## [Brief]
Return the whole listing, line for line, without the pictures in it.

Given records: Begin

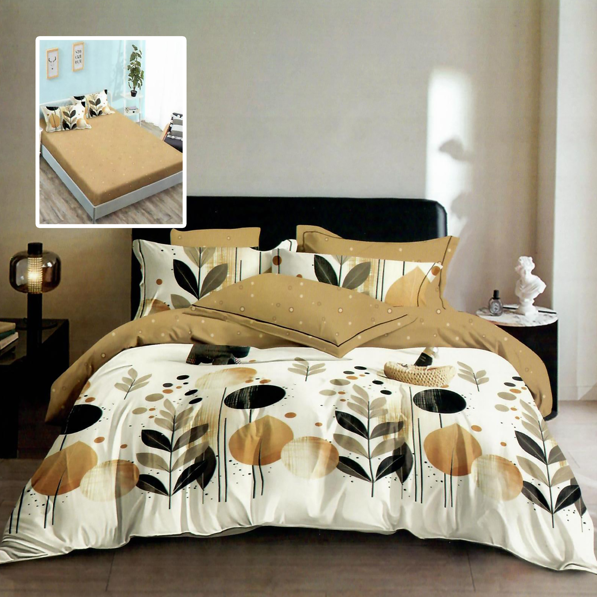 Un avantaj esențial al setului este husa de pat cu elastic, care asigură o fixare fermă și uniformă. Designul său versatil o face compatibilă atât cu saltele de 160×200 cm, cât și de 180×200 cm, eliminând cutele și menținând patul perfect aranjat. Astfel, te bucuri de un aspect ordonat fără efort suplimentar.
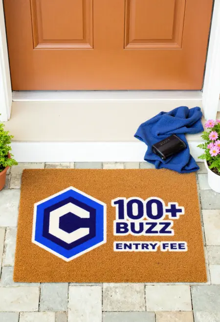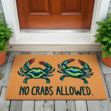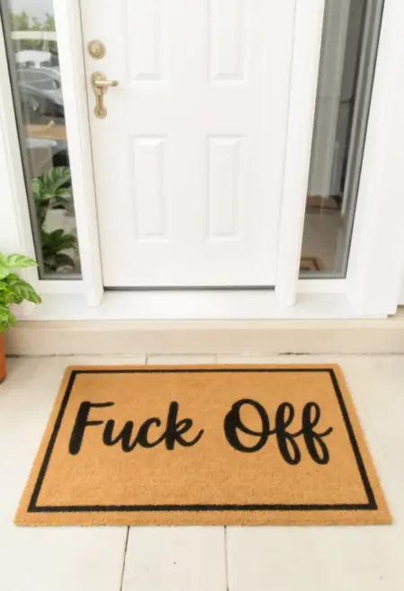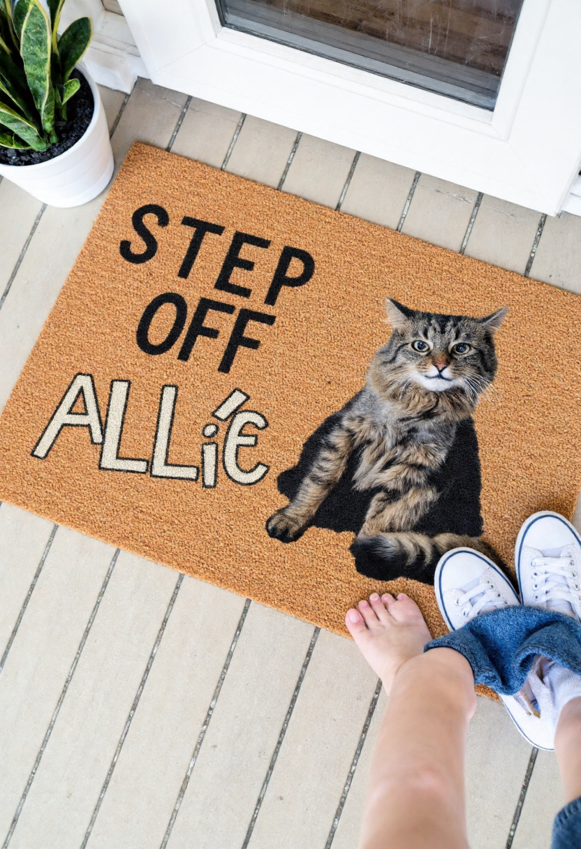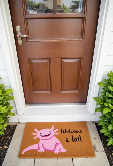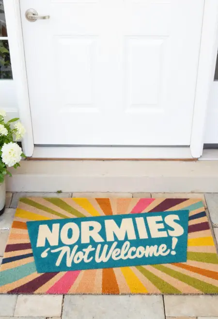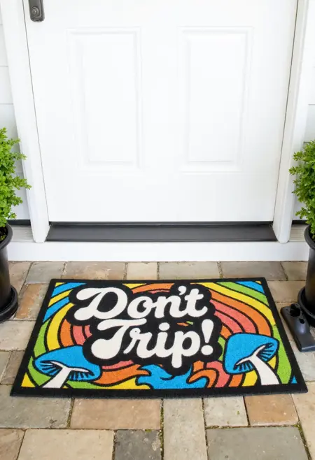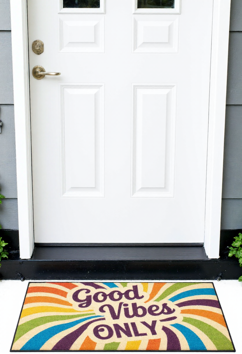 - 前扉の前に置かれた、カラフルなウェルカムマットの写真。マットには、太字の白い大文字で「(TEXT)」というフレーズが描かれている。
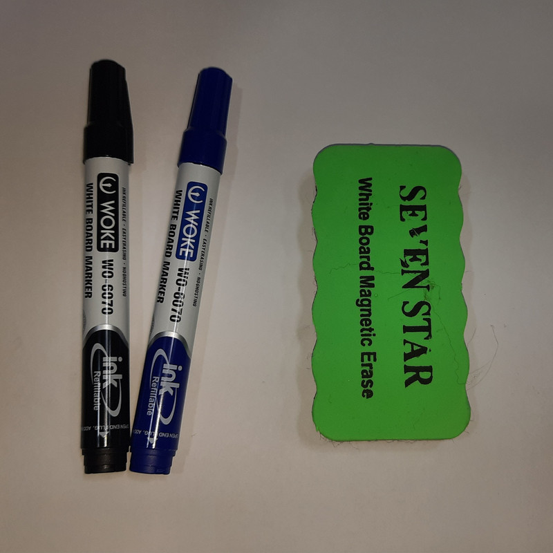 به همراه 2 عدد ماژیک وایت برد ( آبی و مشکی ) و یک عدد تخته پاکن است.
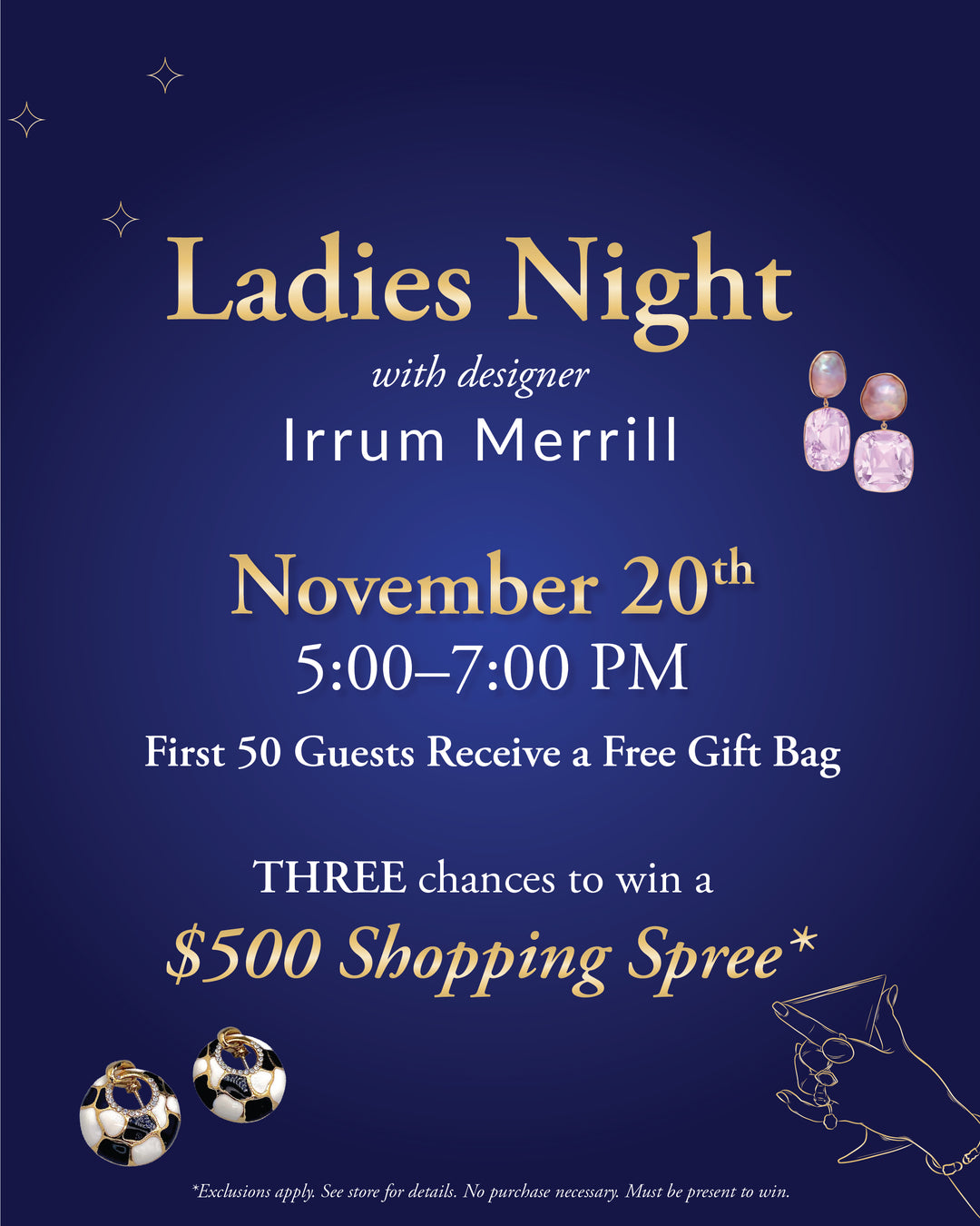 Grab your girlfriends and enjoy a cocktail and light bites while shopping for the season! We’ll show you the newest jewelry collections and trends while you fill out your wish list with the jewelry you've been dreaming of this year!
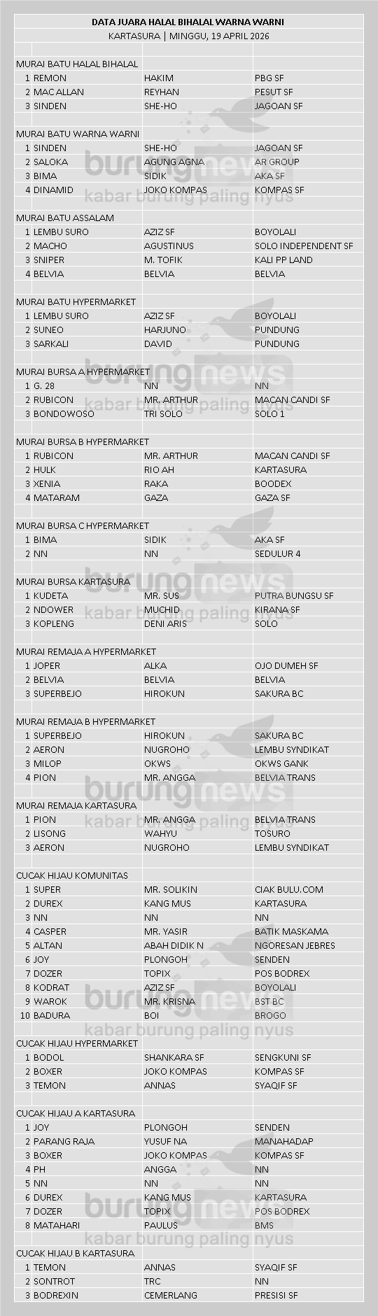 Halal Bi Halal Warna Warni yang dilaksanakan pada Minggu, 19 April 2026 di Assalaam Hypermarket Kartasura berlangsung sukses. Remon, amunisi milik Hakim PBG SF berhasil meraih podium pertama di kelas utama Murai Batu Halal Bi Halal.
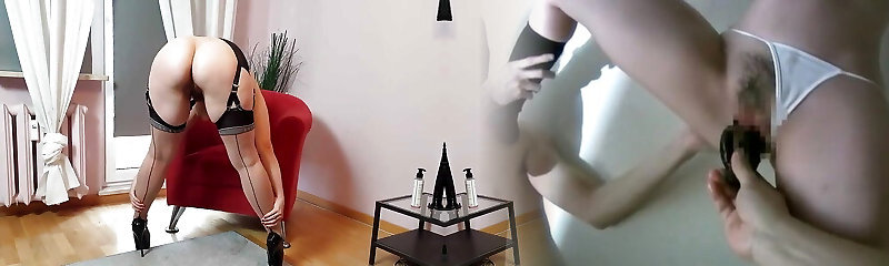 Horny Blonde Babe Gets Fucked by Hand in Stockings & Heels
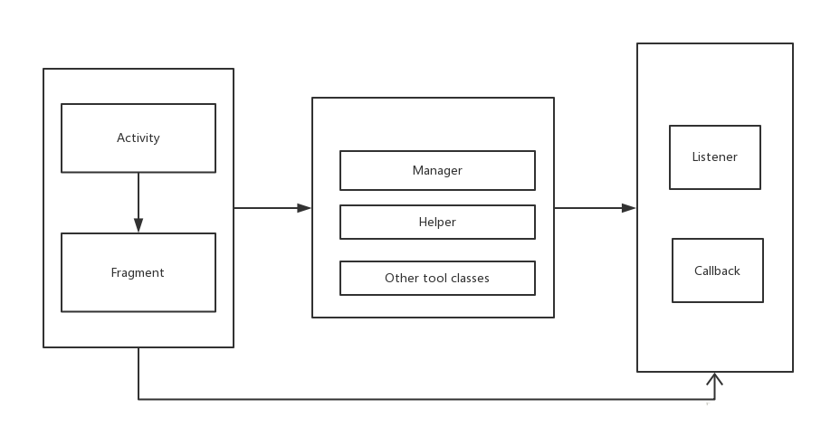 这种架构也就是最原始的Activity-Fragment-Manager模式,Activity或者Fragment通过接口与各Manager沟通联系。这种模式的弊端在于Activity承担了太多的工作,随着项目的进行Activity会越来越大,导致其越来越难以维护。单从MainActivity来说,就足有2500多行。所有的业务代码和逻辑代码全都冗余在一块,甚至还包含了很多Lisenter和Callback的定义,而这些都绝对不应该是Activity的功能。为了更好的维护(当项目变得非常庞大时),我们可以从Activity中把逻辑功能分离处理,交由另外的一个逻辑管理类处理,而逻辑管理类再和其他的工具类联系。这样就可以极大的增加代码的可维护性。
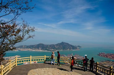 海天一覽觀景臺(tái),建于山崖頂上。依山面海,凌空壯觀,氣勢(shì)恢宏,與懸空棧道、懸索橋、云中漫步廊橋相連,總長(zhǎng)1180米,直通二桅尖山峰。游客在此,極目海州灣,一覽港島城,山海奇觀,盡收眼底,令人心曠神怡,流連忘返。有詩(shī)贊道:“山居有大觀,圖畫入眼簾。曠目千里遠(yuǎn),怡心數(shù)縷煙。島峰浮霧海,帆影接云天。海上長(zhǎng)虹落,銀鷗舞蹁躚”。

Given records: End

## [Answer to this exercise]
 Un avantaj esențial al setului este husa de pat cu elastic, care asigură o fixare fermă și uniformă. Designul său versatil o face compatibilă atât cu saltele de 160×200 cm, cât și de 180×200 cm, eliminând cutele și menținând patul perfect aranjat. Astfel, te bucuri de un aspect ordonat fără efort suplimentar.
 - 前扉の前に置かれた、カラフルなウェルカムマットの写真。マットには、太字の白い大文字で「(TEXT)」というフレーズが描かれている。
 به همراه 2 عدد ماژیک وایت برد ( آبی و مشکی ) و یک عدد تخته پاکن است.
 Grab your girlfriends and enjoy a cocktail and light bites while shopping for the season! We’ll show you the newest jewelry collections and trends while you fill out your wish list with the jewelry you've been dreaming of this year!
 Halal Bi Halal Warna Warni yang dilaksanakan pada Minggu, 19 April 2026 di Assalaam Hypermarket Kartasura berlangsung sukses. Remon, amunisi milik Hakim PBG SF berhasil meraih podium pertama di kelas utama Murai Batu Halal Bi Halal.
 Horny Blonde Babe Gets Fucked by Hand in Stockings & Heels
 这种架构也就是最原始的Activity-Fragment-Manager模式,Activity或者Fragment通过接口与各Manager沟通联系。这种模式的弊端在于Activity承担了太多的工作,随着项目的进行Activity会越来越大,导致其越来越难以维护。单从MainActivity来说,就足有2500多行。所有的业务代码和逻辑代码全都冗余在一块,甚至还包含了很多Lisenter和Callback的定义,而这些都绝对不应该是Activity的功能。为了更好的维护(当项目变得非常庞大时),我们可以从Activity中把逻辑功能分离处理,交由另外的一个逻辑管理类处理,而逻辑管理类再和其他的工具类联系。这样就可以极大的增加代码的可维护性。
 海天一覽觀景臺(tái),建于山崖頂上。依山面海,凌空壯觀,氣勢(shì)恢宏,與懸空棧道、懸索橋、云中漫步廊橋相連,總長(zhǎng)1180米,直通二桅尖山峰。游客在此,極目海州灣,一覽港島城,山海奇觀,盡收眼底,令人心曠神怡,流連忘返。有詩(shī)贊道:“山居有大觀,圖畫入眼簾。曠目千里遠(yuǎn),怡心數(shù)縷煙。島峰浮霧海,帆影接云天。海上長(zhǎng)虹落,銀鷗舞蹁躚”。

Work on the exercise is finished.